Notable names in tech, including former Google CEO Eric Schmidt and Amazon founder Jeff Bezos, also bought in.
LeCun told AFP that, with the funding round complete, AMI would bring aboard 20-30 people "in the very short term".
He and five co-founders plan to "shift into a higher gear" on developing "world models", or AI systems designed to understand the physical world.
Unlike the text-based large language models (LLMs) behind chatbots like ChatGPT and Gemini, such AIs should understand the world "in the way animals and humans do," he added.
"Yann LeCun is turning a new page in artificial intelligence. This is the France of researchers, builders and the bold. Bravo!" President Emmanuel Macron posted on X.
Based in Paris with offices in New York, Singapore and Montreal, AMI was valued at around $3.5 billion before this funding round.
- 'Paradigm shift' -
LeCun announced his departure from Meta in November, after 12 years with the owner of Facebook, Instagram and WhatsApp.

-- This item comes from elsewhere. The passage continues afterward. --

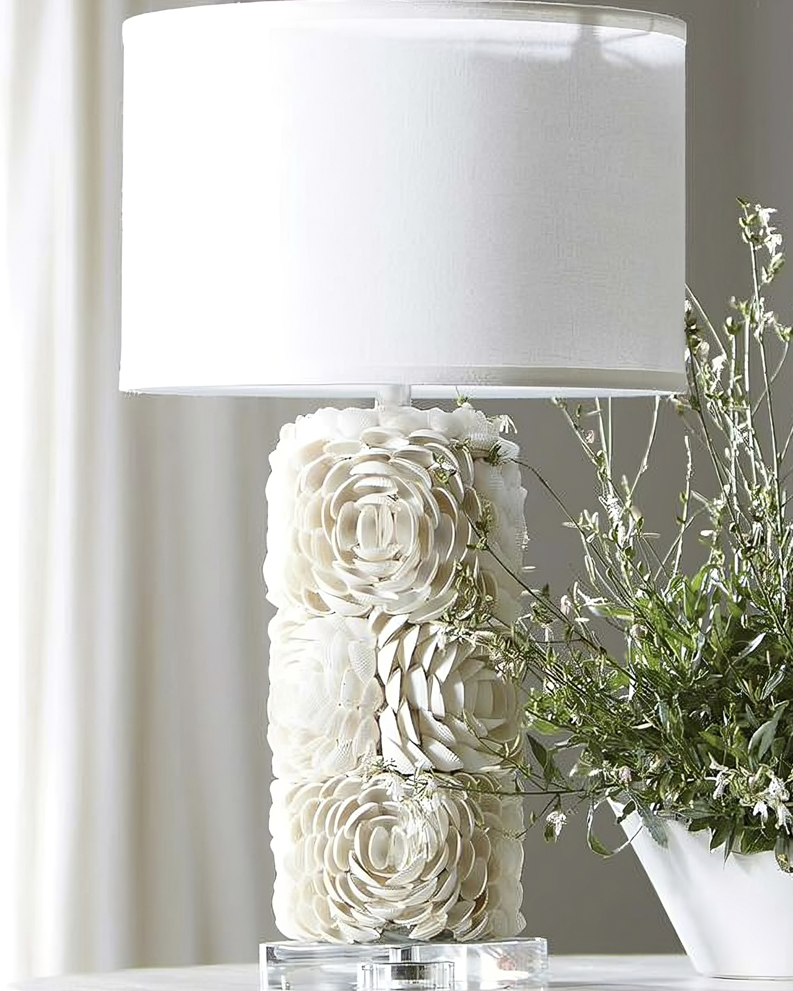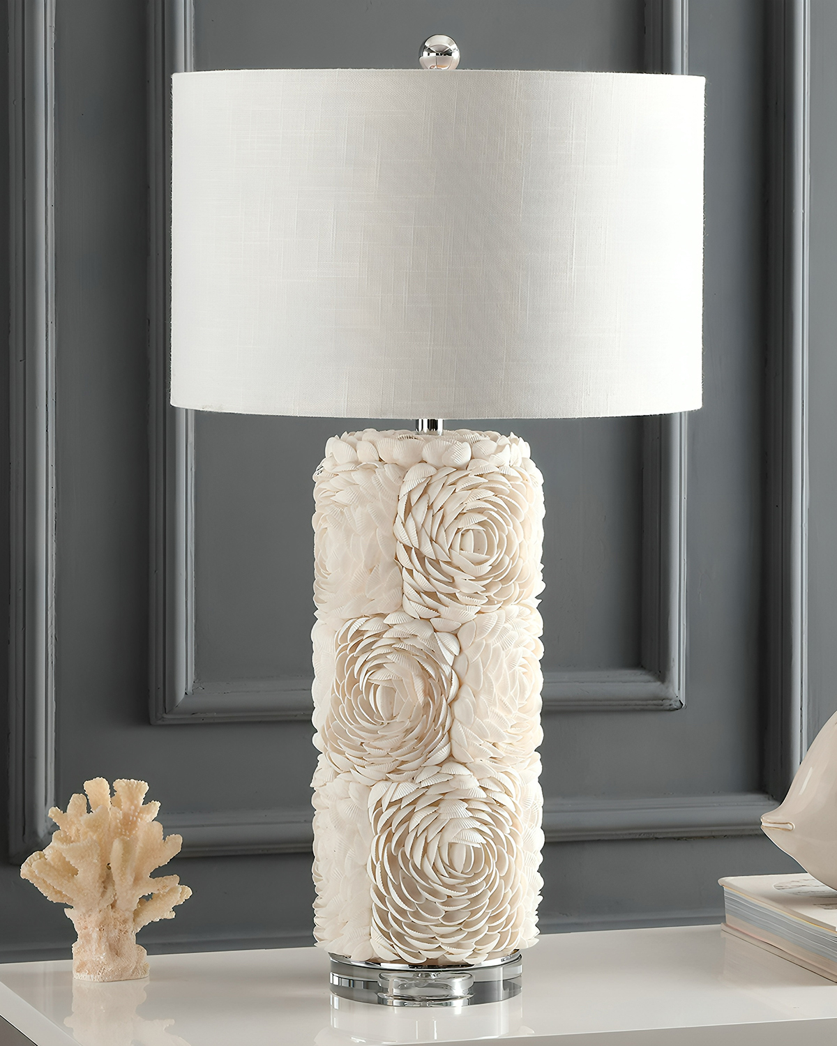 Настольная лампа “Аугуста” отличается необычным дизайном в прибрежном стиле, украшенном узорами в виде больших открытых цветов, выполненными в мозаике из натуральных ракушек. Эта лампа будет привлекать внимание и добавлять уникальности любому помещению. Особенностью этой лампы является ее романтический стиль, которые придают ей неповторимый вид. Абажур из белого текстурированного хлопка обеспечивает мягкое и рассеянное освещение, создавая уютную атмосферу в комнате. Благодаря своим размерам, эта настольная лампа отлично подходит для использования на столе, комоде или прикроватной тумбочке. Кроме своей эстетической привлекательности, настольная лампа “Аугуста” также функциональна. Ее акриловая подставка обеспечивают стабильность и надежную поддержку. Эта лампа идеально сочетается с различными стилями интерьера, от классического и рустик до современного и скандинавского. Она прекрасно дополнит вашу гостиную, спальню, кабинет или любое другое помещение, придавая ему особый шарм. Завораживающий дизайн делает эту лампу привлекательным выбором для тех, кто ценит прекрасное и со вкусом. Если вы ищете необычную и стильную настольную лампу, которая одновременно будет служить источником света и стильным аксессуаром, то настольная лампа “Аугуста” – идеальный выбор!

He now serves as AMI's non-executive chairman, while Alexandre Lebrun is the Paris-based startup's CEO.
Within three to five years, AMI plans to produce "fairly universal intelligent systems" that could be used for almost any task requiring intelligent machines, such as autonomous driving and robotics, LeCun said.
"I am very clearly in the camp that believes we need a paradigm shift" from the AI reliance on LLMs, he told AFP.
LeCun has been a vocal critic of major AI developers' laser focus on LLMs, which was one reason for why he left Meta -- although he insists he still has "a good relationship with Mark Zuckerberg".
AMI's work will take up where LeCun left off with research at Meta on a new AI architecture dubbed JEPA.
"It's a direct continuation of that project," he said.
Researchers hope world models will allow AI systems to analyse and predict the behaviour of complex systems, such as a jet engine, a power plant or the organs of a human patient.
LeCun, a dual French-American citizen who remains a computer science professor at New York University, said AMI would focus on research and development in its first year.
Discussions with corporate partners could be held within six to 12 months, he added.